Sinar matahari pagi diam-diam menembus kaca jendela kamar Roxanne yang terbuka sedikit dan membakar kedua kelopak mata Roxanne yang pada akhirnya membuat manik mata berwarna biru kehijauan itu tampak begitu indah ketika terbuka. Waktunya bangun batinnya, tatkala gadis itu bangkit dari bed cover-nya yang berwarna biru tosca dan bermotif bunga sulur itu. Rambut cokelat pasir nya masih dibiarkan tergerai sehingga tampak berayun ketika tubuhnya membawa dirinya menuju kamar mandi.

Dia mencuci wajahnya. Menggosok gigi. Berkumur. Memakai facial foam. Dan melakukan apa saja yang biasa dilakukan manusia pada pagi hari –setidaknya untuk hari sekolah-

Roxanne menatap pantulan wajahnya di cermin. Lantas mendesah frustasi. Satu hari lainnya memasuki sekolah dan bertemu si brengsek itu. Sejujurnya ia kalut. Ia takut. Ia masih terniang-niang ribuan mention yang didapatinya kemarin.

“Apa mereka akan menyandera ku? Tidak. Tapi jika iya, apa aku akan disiksa oleh mereka dan dibuang ke dasar jurang yang dalam?” memikirkan hal itu membuat Roxanne seolah-olah dirinya adalah aktris di film-film aksi yang sangat menyedihkan.
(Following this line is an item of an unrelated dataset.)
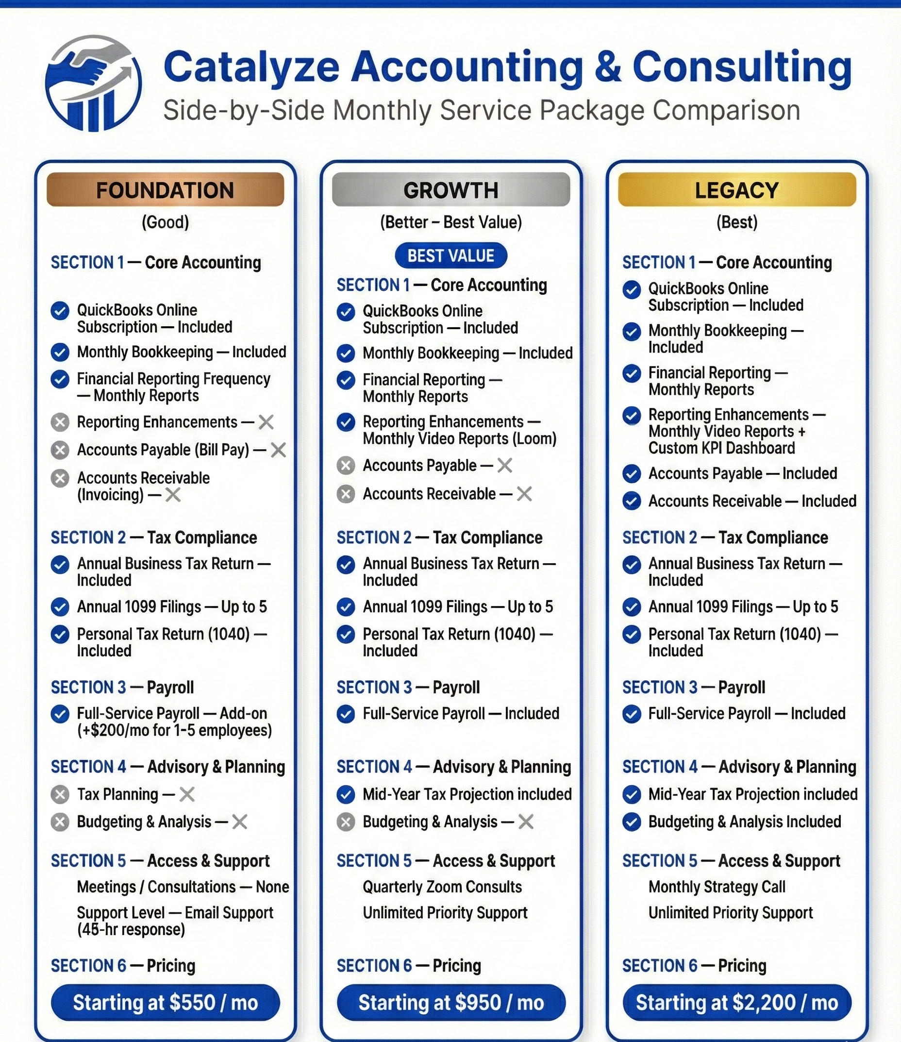 From bookkeeping to tax filing, our services are designed to give small business owners clarity, confidence, and more time to focus on growth.

Bodoh umpatnya. Ingin rasanya gadis itu menertawai dirinya yang ketahuan sedang memikirkan gagasan bodoh seperti tadi. Lebih baik dia lupakan itu semua dan bergegas menuju sekolah.

***

Justin Bieber memarkirkan SUV-nya di area parkir khusus siswa. Setelah mobil pemberian ayahnya itu benar-benar berada di tempat yang seharusnya, laki-laki itu keluar dari mobil dan berjalan menuju ruang kelasnya. Hari ini adalah kamis. Block day.

Block day berbeda dengan hari biasa yang setiap satu jam pelajaran kira-kira berlangsung selama lima puluh menit,  kalau Block day hanya ada tiga mata pelajaran yang tiap mata pelajaran kira-kira berlangsung selama dua jam. Dan hari ini dia berturut-turut memasuki kelas Kalkulus, Sejarah, dan yang terakhir Biologi.

Langkah kakinya berjalan dengan amat berirama. Dia menyapa setiap gadis yang dia lewati dengan senyuman khas-nya seraya menampakan deretan giginya yang rapih itu. Sesekali ia mengedip pada siswi yang terlihat hot hari ini. Oke, itu bisa masuk dalam daftar gadis ku selanjutnya. Ucapnya berspekulasi pada dirinya sendiri. Dan mengenai Emily, gadis itu dan dirinya sudah benar-benar mengakhiri hubungan mereka. Jelas sekali Justin Bieber adalah seorang players kelas kakap. Ah, kau pikir ini penjahat?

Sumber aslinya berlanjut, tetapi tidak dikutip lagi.